# [WORK TASK]
An exact reproduction of the records is required. Images must be left out.

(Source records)
________
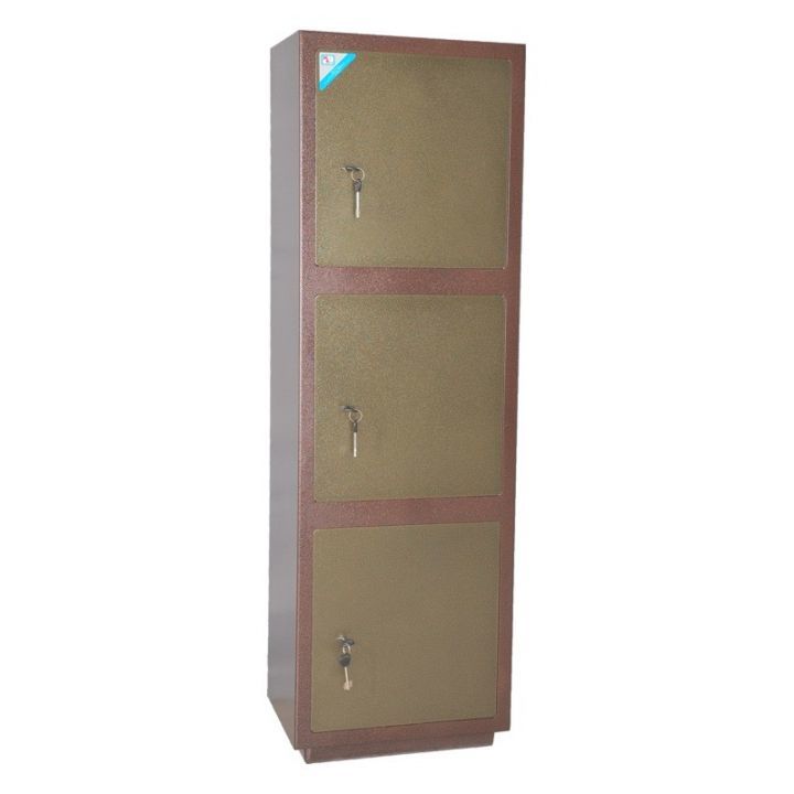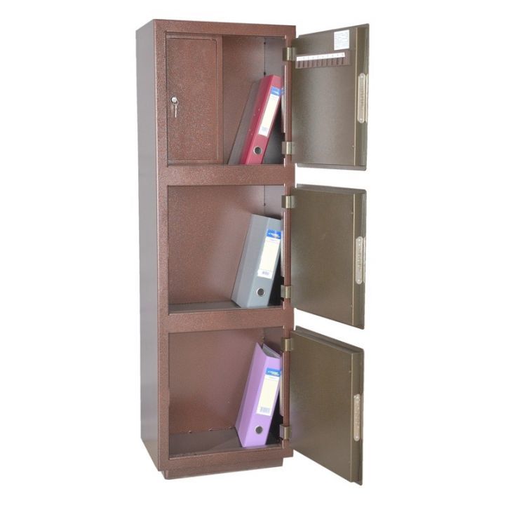 Сейф трехсекционный, оснащен Трейзером. В двери установлен ключевой 8-ми сувальдный замок ЗАО «Про-Сам» г. Рязань или аналогичный замок другого производителя.
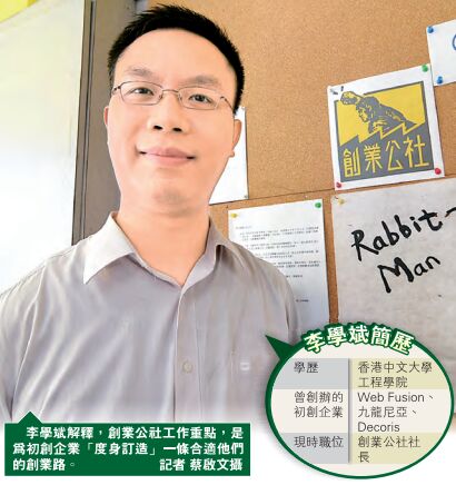 今年30多歲的李學斌,早於2004年在香港中文大學畢業前,已投身創業行列;期間縱然面對重重波折,仍未損他不斷創業的決心。2013年,他獲游戲開發商「拉闊游戲」創辦人高重建的邀請,出任創業公社社長,為有志投身創業人的年輕人出謀獻策。
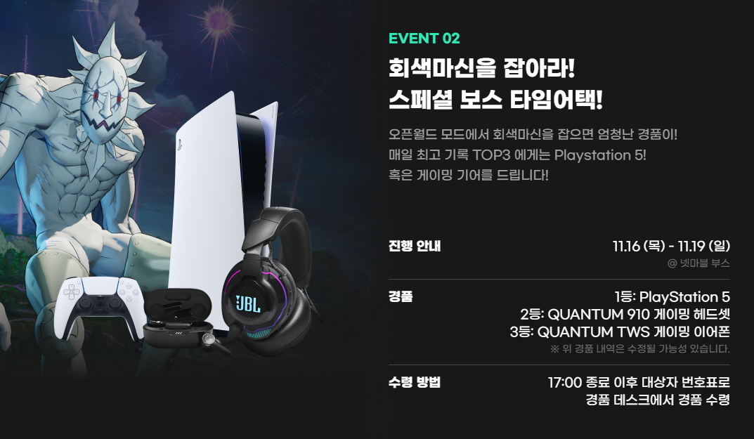 일곱 개의 대죄: 오리진 게임 부스에서 진행되는 이벤트도 풍성합니다. 넷마블 부스에서 시연을 완료하거나, 오픈 월드 모드에서 회색 마신을 잡으면 주어지는 경품도 상당한데요, 무엇보다 매일 최고기록 TOP3에게는 플레이스테이션 5 또는 게이밍 기어등의 선물이 주어집니다.
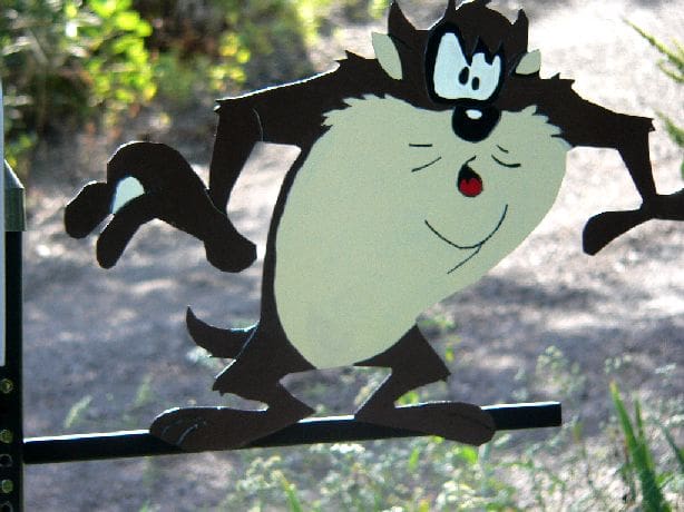 My husband and I have a lot of  fun creating decorations for our mailbox based on characters we loved when we were kids. The latest is the Tasmanian Devil from the Loony Tunes cartoons. The creator of “Taz” is Robert McKimson.
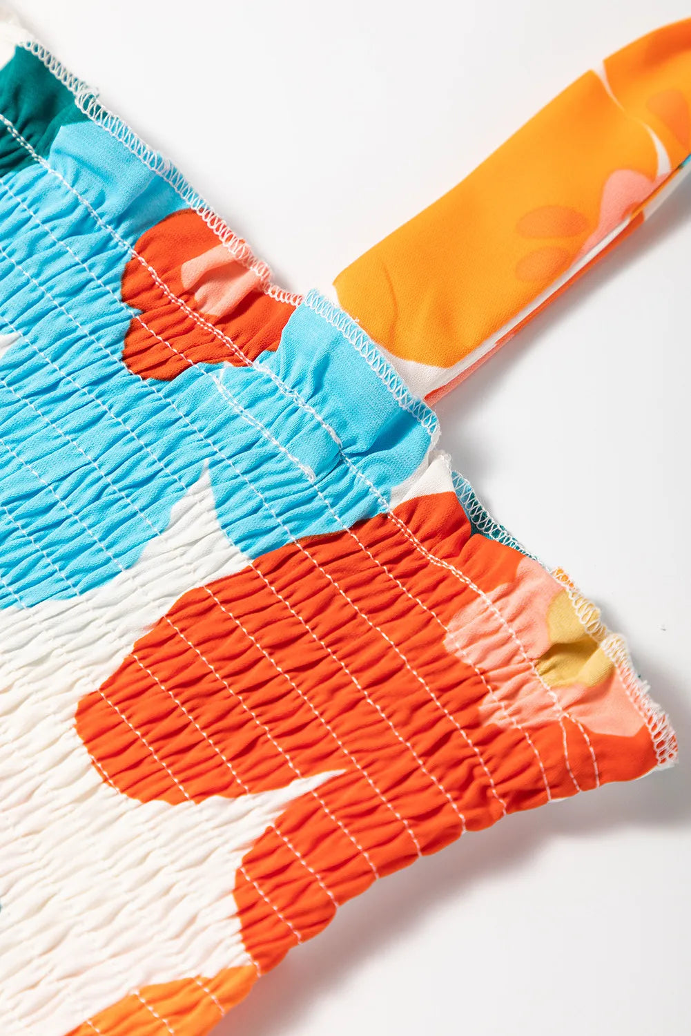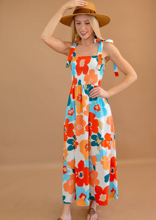 Illuminate your day in this radiant long floral dress. Crafted from lightweight, soft fabric adorned with a vibrant floral print, it features self-tie straps, a smocked bodice, and hidden pockets. The fitted bodice transitions into a flared skirt, creating a flattering silhouette that's both stylish and comfortable.
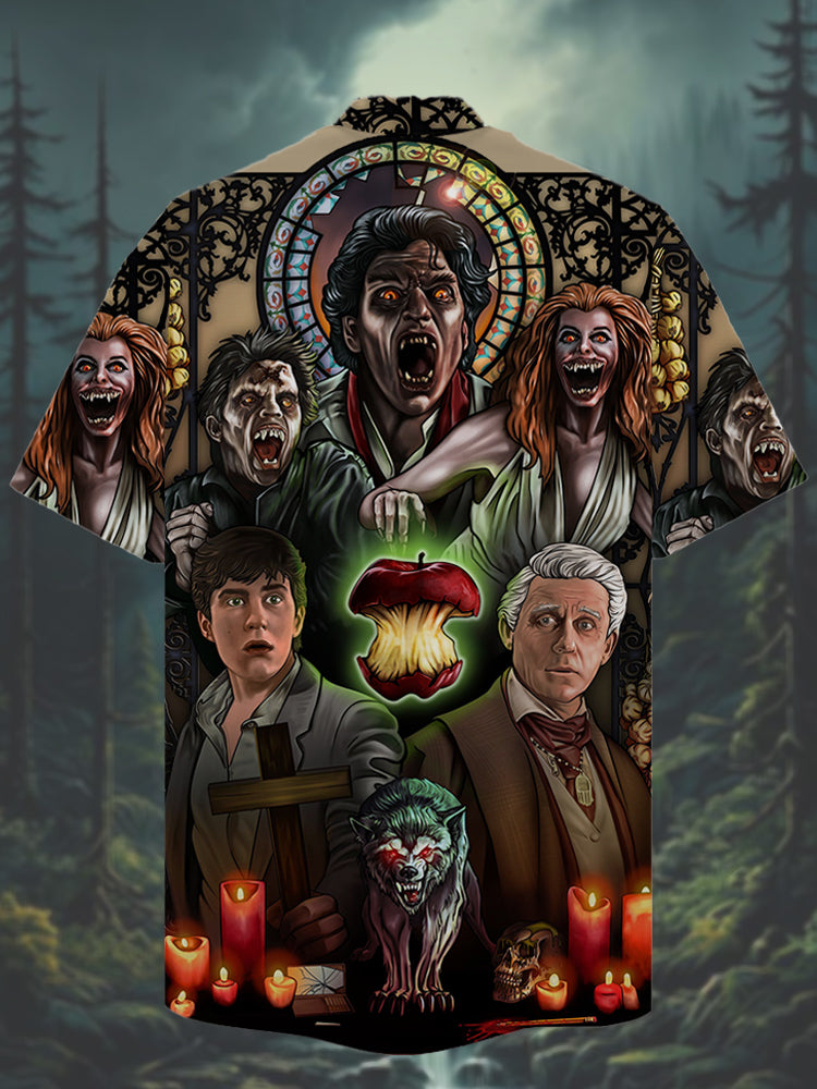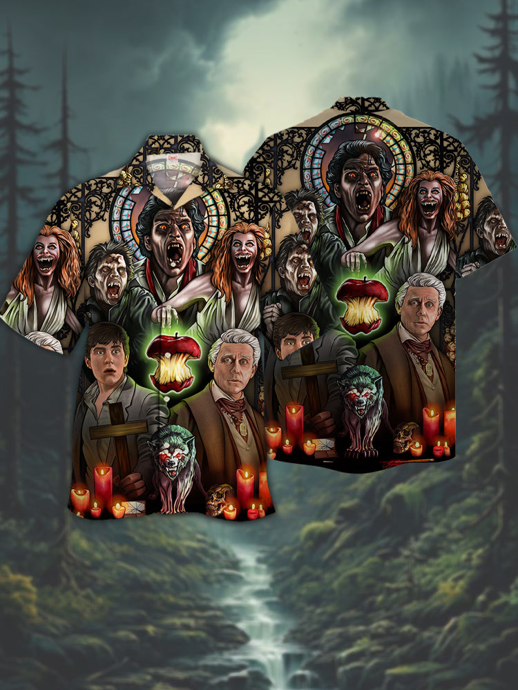 • Eye-Catching Thriller Style Magic Apple And Horror Characters Printing Cuban Collar Hawaiian Short Sleeve Shirt
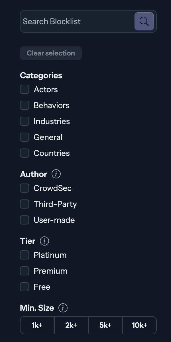 To provide blocklists tailored to each need, CrowdSec has a wide catalog of blocklists, encompassing a variety of threat types and sources. This diversity allows to select and implement blocklists that best match their specific security requirements. The search page in the CrowdSec Console provides a centralized interface to explore, subscribe, and manage blocklists tailored to enhance your organization’s security posture. This page allows to browse all available blocklists, find the ones most relevant to your needs, and activate them to protect your infrastructure.
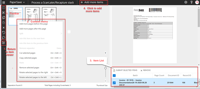 6) Once the items are processed, they will open in “Page Manipulation View”, where you can perform various operations before submitting them, such as:
________
# [REPLY TO THE TASK]
 Сейф трехсекционный, оснащен Трейзером. В двери установлен ключевой 8-ми сувальдный замок ЗАО «Про-Сам» г. Рязань или аналогичный замок другого производителя.
 今年30多歲的李學斌,早於2004年在香港中文大學畢業前,已投身創業行列;期間縱然面對重重波折,仍未損他不斷創業的決心。2013年,他獲游戲開發商「拉闊游戲」創辦人高重建的邀請,出任創業公社社長,為有志投身創業人的年輕人出謀獻策。
 일곱 개의 대죄: 오리진 게임 부스에서 진행되는 이벤트도 풍성합니다. 넷마블 부스에서 시연을 완료하거나, 오픈 월드 모드에서 회색 마신을 잡으면 주어지는 경품도 상당한데요, 무엇보다 매일 최고기록 TOP3에게는 플레이스테이션 5 또는 게이밍 기어등의 선물이 주어집니다.
 My husband and I have a lot of  fun creating decorations for our mailbox based on characters we loved when we were kids. The latest is the Tasmanian Devil from the Loony Tunes cartoons. The creator of “Taz” is Robert McKimson.
 Illuminate your day in this radiant long floral dress. Crafted from lightweight, soft fabric adorned with a vibrant floral print, it features self-tie straps, a smocked bodice, and hidden pockets. The fitted bodice transitions into a flared skirt, creating a flattering silhouette that's both stylish and comfortable.
 • Eye-Catching Thriller Style Magic Apple And Horror Characters Printing Cuban Collar Hawaiian Short Sleeve Shirt
 To provide blocklists tailored to each need, CrowdSec has a wide catalog of blocklists, encompassing a variety of threat types and sources. This diversity allows to select and implement blocklists that best match their specific security requirements. The search page in the CrowdSec Console provides a centralized interface to explore, subscribe, and manage blocklists tailored to enhance your organization’s security posture. This page allows to browse all available blocklists, find the ones most relevant to your needs, and activate them to protect your infrastructure.
 6) Once the items are processed, they will open in “Page Manipulation View”, where you can perform various operations before submitting them, such as:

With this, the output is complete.